Adding a Snowflake Connection

Prerequisites

In order to establish a connection with Snowflake, a user with sufficient permissions is required.
A route between the Zeenea scanner and the database must be open to allow traffic between the two.

note

A configuration template can be downloaded here: Snowflake.conf

Supported Versions

The Snowflake connector has been tested with the cloud version of this service.

Installing the Plugin

From version 54 of the scanner, the Snowflake connector is presented as a plugin.

It can be downloaded here and requires a scanner version 64 or later: Zeenea Connector Downloads.

For more information on how to install a plugin, please refer to the following article: Installing and Configuring Connectors as a Plugin.

note

For users of Java 17 and later, the Snowflake driver use old private Java API. A special option should be added on the scanner command line in order to provide access to this API.

-J--add-opens=java.base/java.nio=ALL-UNNAMED

You can pass it directly to zeenea-scanner. If on Linux, it can be added to the conf/application.ini file. Create it if it doesn't exist already.

Declaring the Connection

Creating and configuring connectors is done through a dedicated configuration file located in the /connections folder of the relevant scanner.
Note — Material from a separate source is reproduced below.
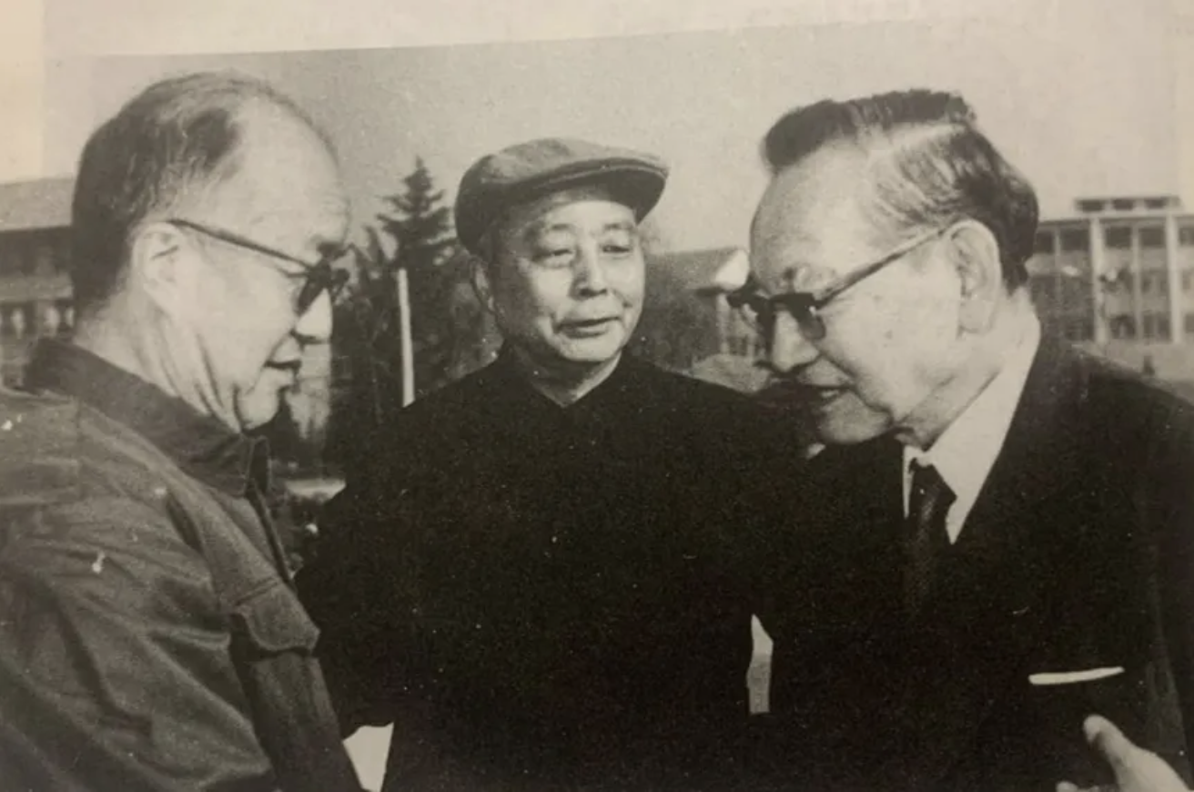 郭琦校长(中)与刘持生教授、金启华教授在西北大学校园。图源:西北大学官网。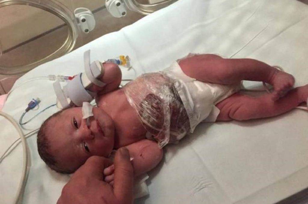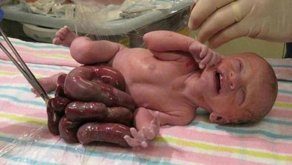 - живот младенца не имеет достаточного места для удержания всего кишечника.

Read more: Managing Connections

In order to establish a connection with Snowflake, specifying the following parameters in the dedicated file is required:

Parameter	Expected Value
`name`	The name that will be displayed to catalog users for this connection
`code`	Unique identifier of the connection on the Zeenea platform. Once registered on the platform, this code must not be modified or the connection will be considered as new and the old one removed from the scanner.
`connector_id`	The type of connector to be used for the connection. Here, the value must be `Snowflake` and this value must not be modified.
`connection.url`	Database address. Example: `jdbc:snowflake://kn12345.eu-west-1.snowflakecomputing.com/?db=SNOWFLAKE_DATA&warehouse=SMALL_COMPUTE_WH`. Parameter `db` and `warehouse` are mandatory to define a connection entry point.
`connection.username`	Username
`connection.password`	User password. (Optional during key pair authentication use.)
`connection.privateKeyPath`	Full path to the `rs_key.p8` type file for key pair authentication
`connection.passphrase`	Key password
`dataClassification.enabled`	Option to enable retrieval of "Privacy Category" and "Semantic Category" metadata related to Snowflake data classification features
`proxy.scheme`	Depending on the proxy, `http` or `https`
`proxy.hostname`	Proxy address
`proxy.port`	Proxy port
`proxy.username`	Proxy username
`proxy.password`	Proxy account password
`cache.enabled`	Enable the cache functionality. When the cache is activated, the schema update performs four queries per database instead of four per imported table. The result is greater efficiency.
`cache.folder`	Folder where caches are stored. The same folder can be used by several connections. The size of the cache file produced depends on the number of tables in the database (and not on the number of tables imported into Zeenea). If the folder is not specified, the cache is stored in memory.
`cache.ttl`	Cache validity period (default `12h`). As long as the cache is valid, requests that fill it are not executed.
`lineage.view.enabled`	Option to enable view lineage feature. Default value `false`.
`lineage.pipe.enabled`	Option to enable Snowpipe lineage feature. Default value `false`.
`lineage.history.enabled`	Option to enable execution history lineage feature. Default value `false`.
`lineage.history.warehouse`	The name of the Warehouse where the queries are executed.
`lineage.history.period`	Number of days to analyze the queries between the start of the extraction and this number.
`filter`	To filter datasets during the inventory. See Rich Filters.
`multi_catalog.enabled`	To activate multi-database connection configuration. Default value `false`. The `multi catalog` mode makes the connector incompatible with the lineage features available from other connectors such as dbt, Tableau, PowerBI SaaS, etc.
`multi_account.enabled`	Plugin v73 and higher. To activate multi account support (`true` \| `false`). Default is `false`. When multi account is activated, `multi_catalog` is activated as well and overrides `multi_catalog.enabled` parameter to `true`. Warning: this parameter should not be changed after datasets have been imported because it changes the ways they are identified.
`multi_account.list`	Plugin v73 and higher. (Optional) List of accounts to be inventoried. It consists of a succession of Snowflake account identifiers separated by a space. Account identifiers must be in the form “-” (see Snowflake documentation). If unset, the organization's account list is retrieved and used.

note

A template of the configuration file is available in this repository.

User Permissions

In order to collect metadata, the running user must have read-only access to databases that need cataloging.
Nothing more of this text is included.